28 March – Specialist bee signup and bowl trap updates

Last week we finished sorting 2 kits: second kit by K. Capuzzi (Hocking Co), and C. Gleditsch (Madison Co). We also started sorting the kit by S. Lewis (Scioto County). We are over 17,815 bees pinned and databased. We have sorted at least 39 of the kits, but still plenty of kits left to sort. I was working on project logistics last week, so no new progress on identification.

 

At this point, I am kind of impressed at how consistent we are with newly pinned specimens each week.


Helping in the lab in the age of Covid:

Wondering how you can help speed up our process? If you would like to come to the lab in Newark, there are several tasks that people can participate in. We will mostly have people start with pinning bees, but people can also be trained to sort bees from bycatch in samples, label specimens, or other lab tasks.

You do not have to be a collector to help out in the lab. You also do not have to help for the entire timeslot for a particular day, so if you are only interested in helping out for an hour or three, that still works. No one is obligated to spend the whole day pinning bees.

The lab is open to people interested in helping pin or sort specimens on a limited basis. The following caveats must be reached: 1)  you have managed to get a covid vaccine, or 2) you have already gotten covid and recovered. If you fit one of these exceptions and want to come to the lab to help out, please sign up here: https://www.signupgenius.com/go/4090F4BAEAC2EA6F58-beepinning

Note we are still required to have masks on while on OSU property. We are still limiting our rooms to a maximum of 3 people, but we have additional classrooms down the hall to expand our capacity if more people want to volunteer at once.
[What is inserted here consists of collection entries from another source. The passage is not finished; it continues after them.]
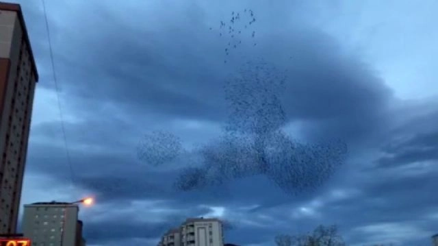 İstanbul Beylikdüzü semalarında binlerce sığırcık kuşunun dansı, görenleri hayran bıraktı. Vatandaşlar bu görsel şöleni cep telefonlarıyla görüntüledi.
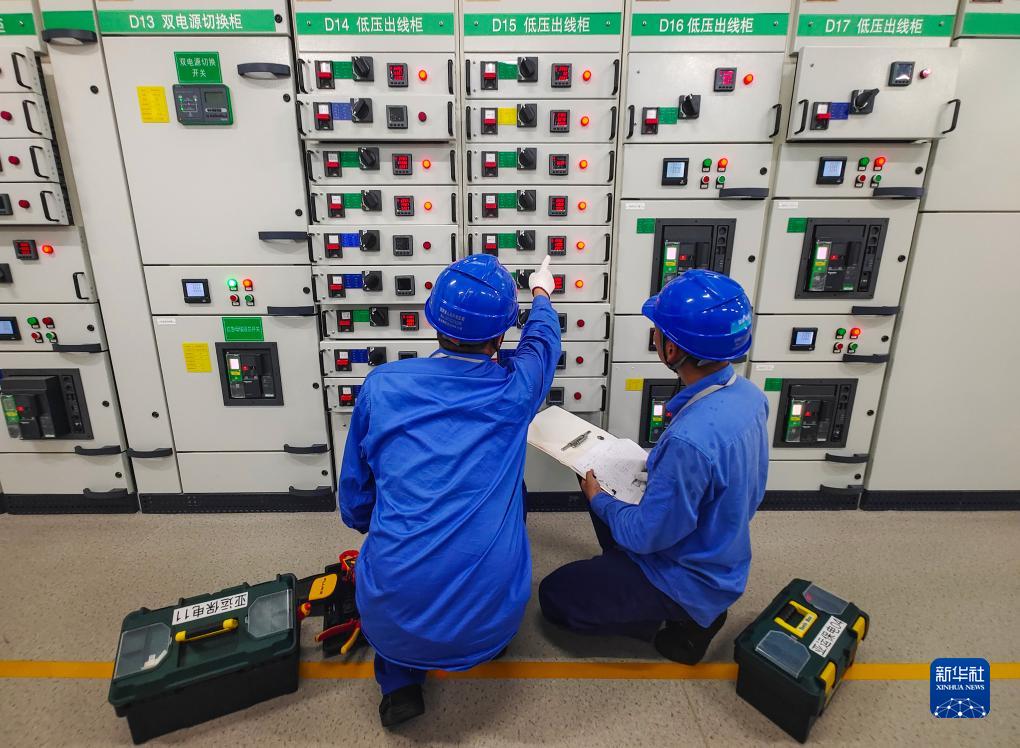 8月30日,浙江寧波象山縣供電公司員工在寧波象山亞帆中心配電房檢查供電情況。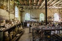 Een kijkje binnenin een verlaten pottenbakkerij. Met allerlei attributen en achtergelaten aardewerk.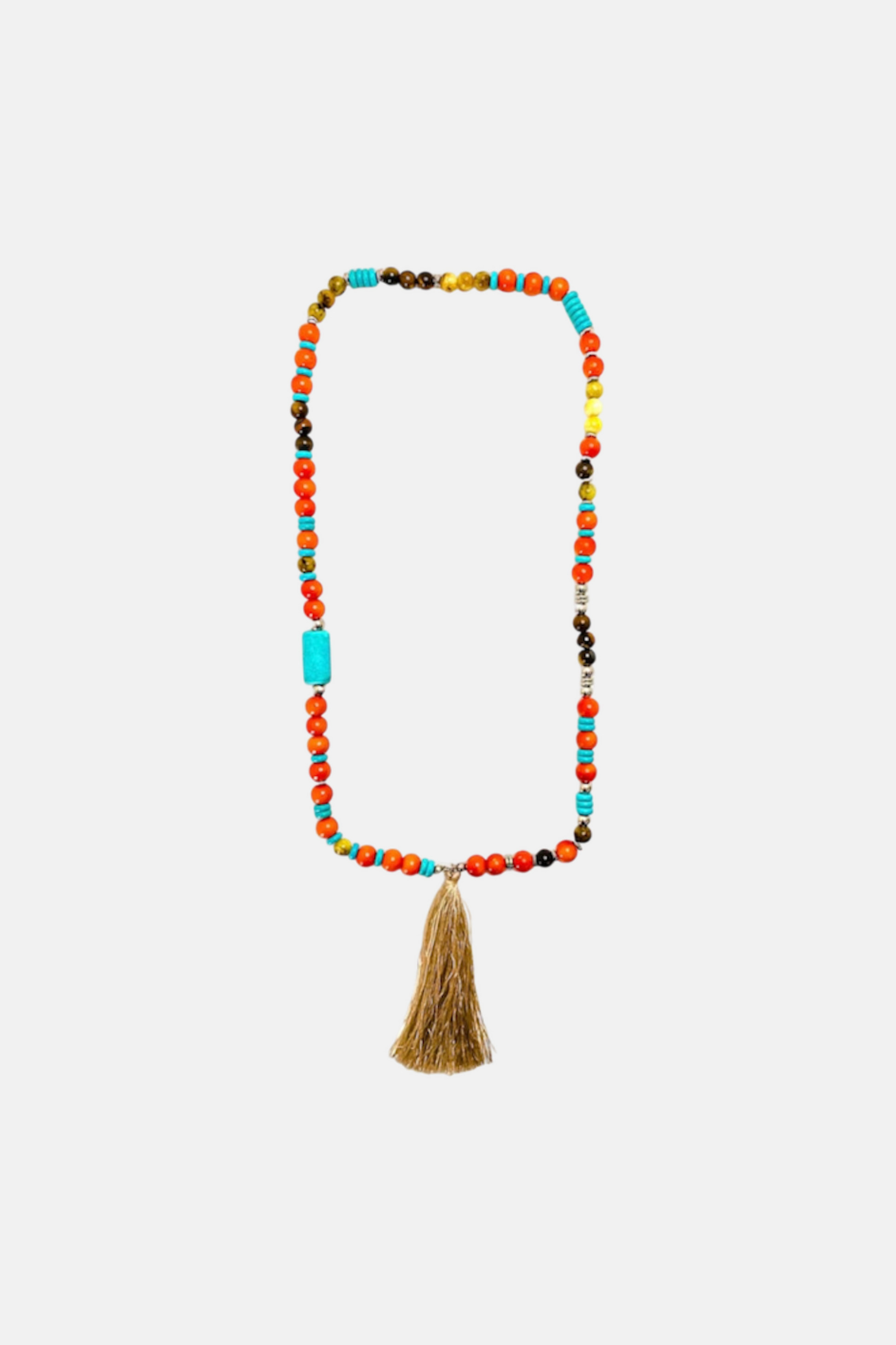 I colori di questa estate sono sgargianti ma stilosi, perché ognuno merita di brillare. Ci siamo ispirati ai colori della “Magic Hour”, il tramonto più bello mai visto dove il cielo sembra una tavolozza d’artista. Nasce così la nostra MACARENA, una collana realizzata a mano in stile Mala Tibetano con pietre di Agata Arancione, rondelle di Pasta di Turchese, Agata Gialla, Occhio di Tigre, una pietra rettangolare di Pasta di Turchese e intermezzi in Acciaio 316L con nappina beige.

Want to see how to get vaccinated against Covid-19 in Ohio? See the vaccine distribution website here: https://vaccine.coronavirus.ohio.gov/

Note that all adults now eligible for the covid vaccine in Ohio! I get my first shot this week, as do most of our regular lab workers. OSU Newark is also a vaccination site, though the vaccines are being given on a different building on campus.


Specialist bee project:

You can still sign up to help with the smaller specialist bee project for this summer! Instead of setting even more bowl traps, our goal for this summer is to target plants known to host specialists bees. So if you would like to participate in a more hands on project of hand collecting bees, see our project here: https://u.osu.edu/beesurvey/native-bee-survey-via-specimen-collections/120-2/

This also will coincide with our specialist bee guide that we are hard at work on finalizing. The guide will be organized by plant host so that you can hopefully learn to recognize the plant to then be able to monitor for potential specialist bees.


Bycatch of the Week:

Dun dun DUNNN! If this image immediately elicited fear, then you probably thought this was an Emerald Ash Borer (the culprit of the destruction of most ash trees across Ohio). However, this is a closely related species that is not nearly as destructive. It was found in the Hocking County site by Capuzzi.  See more information about this species here: https://bugguide.net/node/view/25117

Capuzzi also had several of the tiny snails that bring me joy. Grain of rice for scale. Imagine trying to find this snail on purpose. It would be very easy to overlook these snails as just grains of sand.

Gleditsch had two weird Ant-like Flower beetles. They supposedly feed on decaying vegetation.

And surprise, another ant! This is one of the Big-headed ants that I was told to watch out for. The head (right) is bigger than the butt (left). This was from the kit by S. Lewis, so it will be interesting to see if we find more of these ants as we sort through the rest of the kit.

Capuzzi’s kit had quite the surprise as well. Does anyone see what is amiss here? Aside from the abundance of flies and sawflies.

There is a cicada nymph! And it is one of the 17 year cicadas, which were not supposed to emerge last year, but instead were supposed to emerge this year.  The bright red eyes separate it from the annual cicadas.

For those who are not ready, the periodical cicadas are supposed to emerge across most of Ohio this year (2021). Be on the look out for these red eyed beasts with orange wings starting in May.

And I do not think I have said this enough, but thank you to everyone who has participated and followed along. This is an enormous project that we would not have been able to do without each of you. This is an unprecedented scale for Ohio, so I am excited to see how all these bees turn out (and the bycatch, which I am trying to get into the right hands). Since we got such good coverage across the state (over 80% of counties surveyed and kits returned), we should be able to try to answer some interesting questions.